[Opening Data provided section]

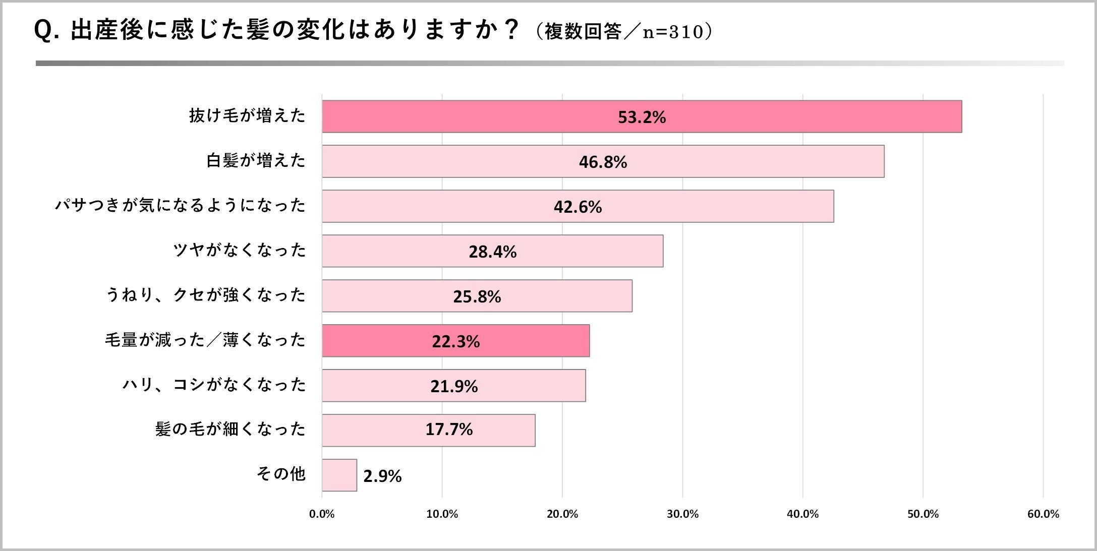 まず、出産後に感じた髪の変化について尋ねたところ、約半数の方が「抜け毛が増えた」(53.2%)と回答しました。また、「毛量が減った/薄くなった」と答えた方も22.3%に上り、多くの方が産後の抜け毛を経験していることが分かります。
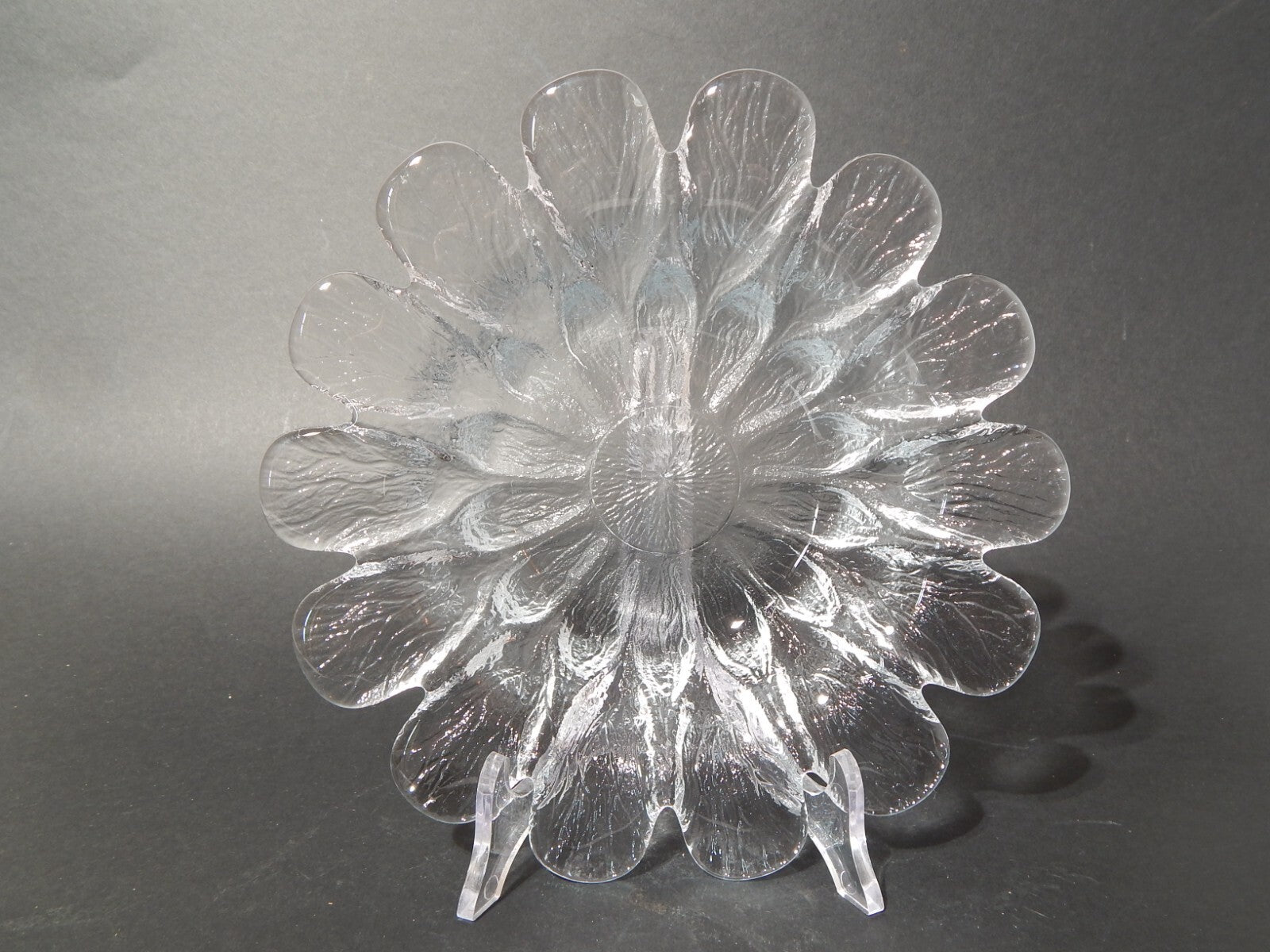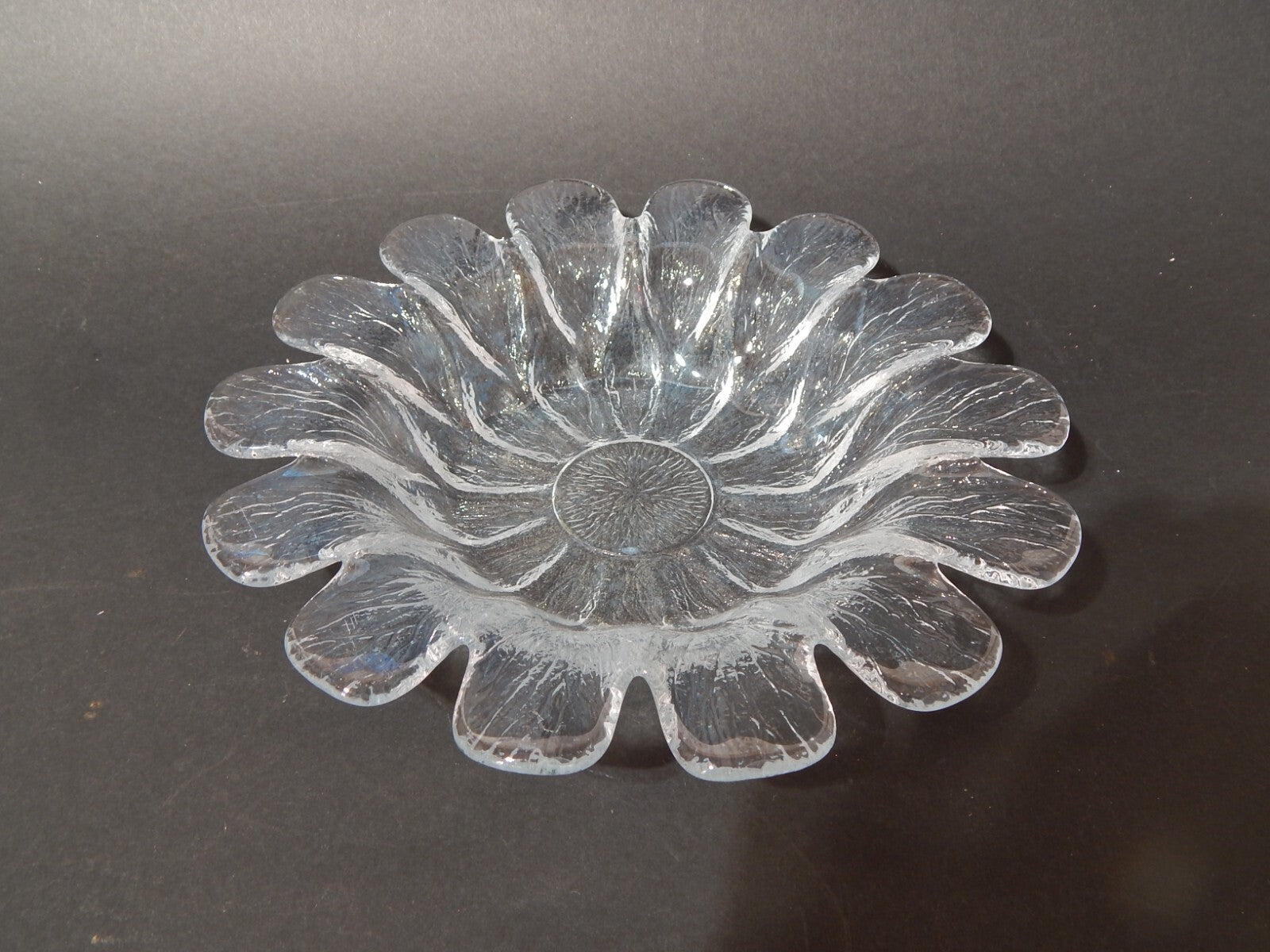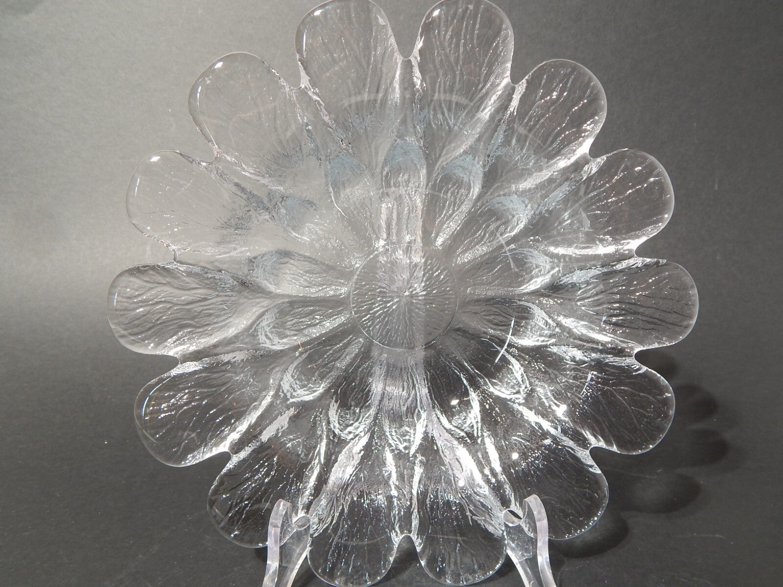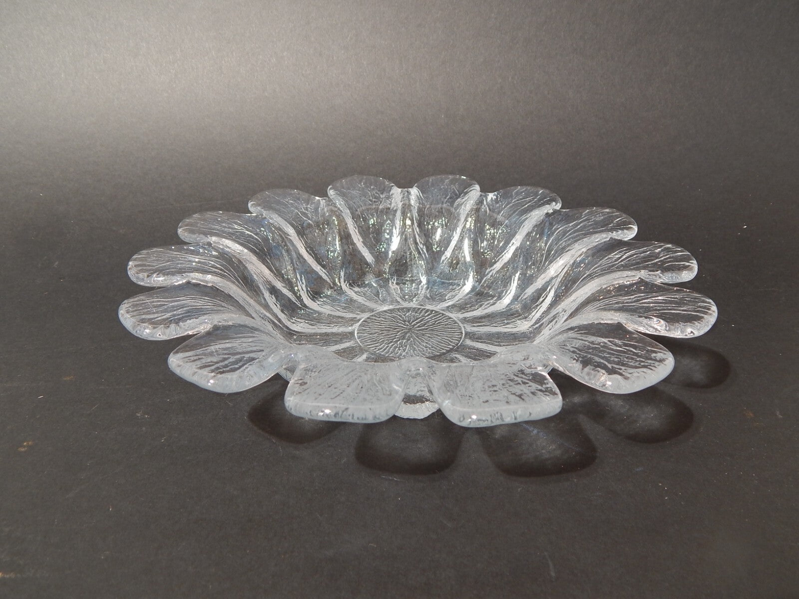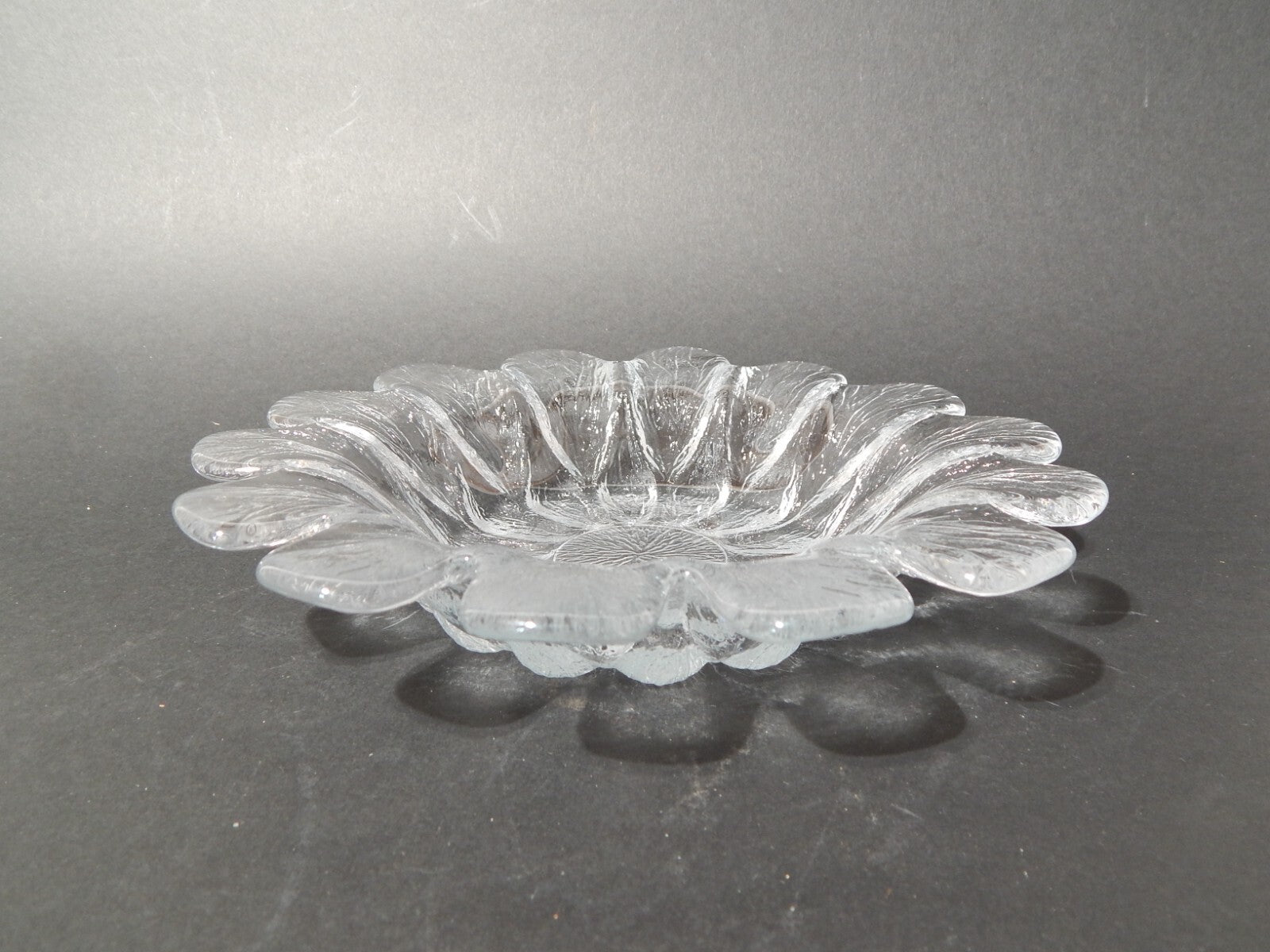 In questa inserzione viene presentato un piatto o centrotavola a forma di margherita realizzato dalla manifattura danese Holmegaard
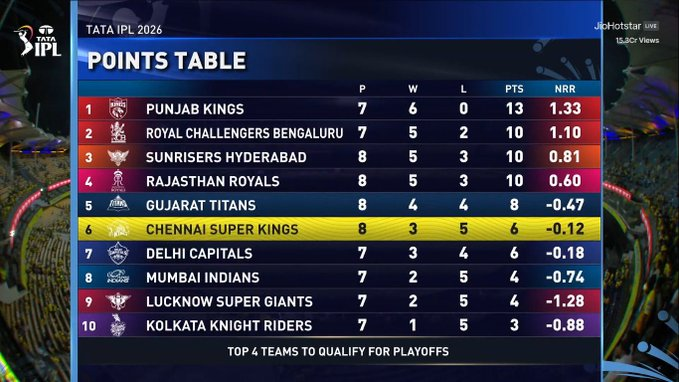 The duo stitched together a match-defining partnership, with Sudharsan particularly aggressive against Akeal Hosein, dispatching him for multiple sixes. Chennai’s fielding lapses further compounded their problems, as Gujarat capitalised fully on the chances offered.
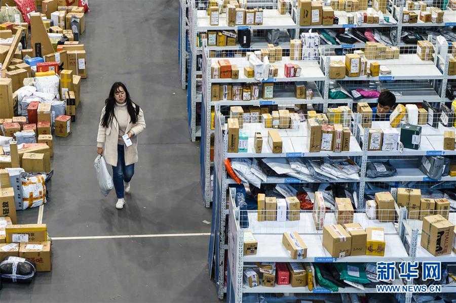 南京航空航天大學(xué)學(xué)生在校園臨時快遞取件點領(lǐng)取快遞(11月13日攝)。 新華社記者 李博 攝
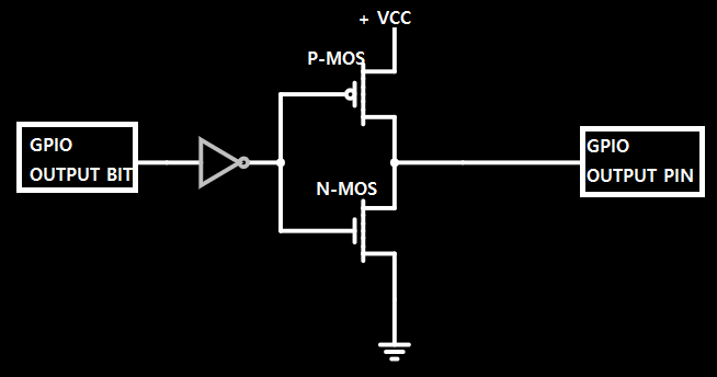 GPIO OUTPIN BIT가 HIGH면 GPIO OUTPUT PIN에 VCC가 연결됩니다.
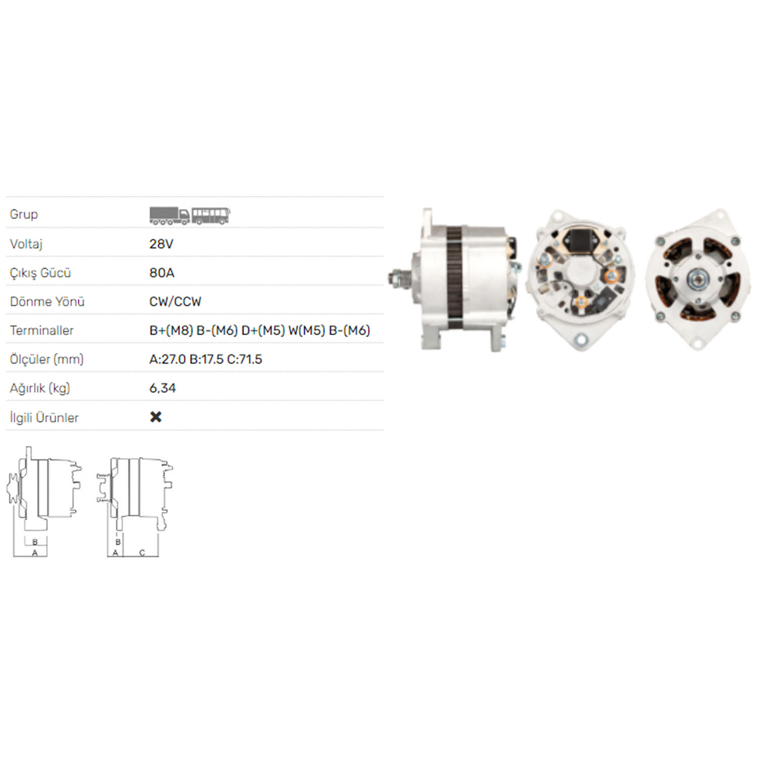 ALT DINAMO 24V 80A RENAULT PREMIUM MAGNUM MIDLUM KERAX

[Closing Data provided section]

**What you should do**
Quote exactly the lines from the one that contains "The duo stitched" through the end of the listing above, both ends included, leaving out the pictures.

**Task solution**
 The duo stitched together a match-defining partnership, with Sudharsan particularly aggressive against Akeal Hosein, dispatching him for multiple sixes. Chennai’s fielding lapses further compounded their problems, as Gujarat capitalised fully on the chances offered.
 南京航空航天大學(xué)學(xué)生在校園臨時快遞取件點領(lǐng)取快遞(11月13日攝)。 新華社記者 李博 攝
 GPIO OUTPIN BIT가 HIGH면 GPIO OUTPUT PIN에 VCC가 연결됩니다.
 ALT DINAMO 24V 80A RENAULT PREMIUM MAGNUM MIDLUM KERAX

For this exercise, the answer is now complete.